I give him my Italian Identity Card and he reads my name into his cell phone. “Thank goodness you have an Italian name,” he says, “if you were German or Swedish they would have hung up on me.”
Once home, I'm stir crazy before the door closes behind me. Ginny was leaving soon to go back to the States so she spends the next couple of days running back and forth to the grocery store stocking my cupboard with stuff like tuna fish, pasta, frozen veggies and water. 
"That's what Nonna did during the War,” I tell her. "Stock up on stuff”.
Banal conversation. What I really want to know is if the lust of my life, the dairy department stocker at the GS grocery store is cheating on me and staring at her like he stares at me.  I finally get up the nerve to ask.

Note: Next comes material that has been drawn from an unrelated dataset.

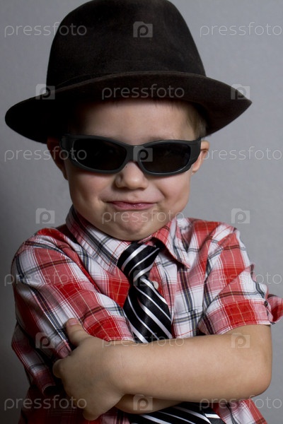 Мальчик в шляпе и черных очках на сером фоне

"I don't think so," she says. "Nobody stared at me."
Good thing, I thought, because she's a lot cuter than I am.
On my own after Ginny leaves, I rent a wheel chair. The elevator in the apartment building is a tiny little thing, so I have to shoehorn the wheel chair into it, and then squeeze my self in as well. But that turns out to be the least of my problems. Once on the street I can't get the chair to go straight. It wants to veer to the right. And while my street has wheel chair access, motorists use them as access driveways to park on the sidewalk so they are crumbled and broken up, which means that once I get the chair down into the street, I  can't get back up to the sidewalk. It is a nightmare. 

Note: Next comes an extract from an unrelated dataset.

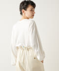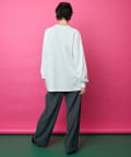 ■ユニセックスで着られるサイズ感に、襟元はしっかりと詰まったクルーネックでルーズに見えすぎない絶妙なバランスに。

 The cast is making me crazy. I hate it with all my heart. I am afraid to go to sleep at night for fear it is cutting off my circulation and a blood clot is forming and speeding straight for my brain and I am convinced I am going to wake up dead. I decide to call Francesco, an orthopedic surgeon I know, and ask if he would please come over and take a look at the x-rays and take the cast off, for surely it is not an absolute necessity.
He comes over that same night. The cast has to stay.
How long, I want to know.
Six weeks.
Six weeks! No relief from this hot itchy thing until October? It’s inhumane. It’s excessive cruelty. It’s against every international law on the books, it’s even against the Geneva Convention I whine.
"Phyllis, Phyllis, Phyllis, you are the worst patient I have ever met," he says shaking his head as he walks out the door. 
In the end, an exhausted Ginny was happy to get home and I managed to survive. Since then Ginny and I have gone on to many other adventures, like the time we almost got washed overboard on a boat trip to the Cinque Terre. But never mind, that's another story for another day. Besides, from the conversation we had yesterday, I have a feeling there are more adventures in our future, and I for one can't wait.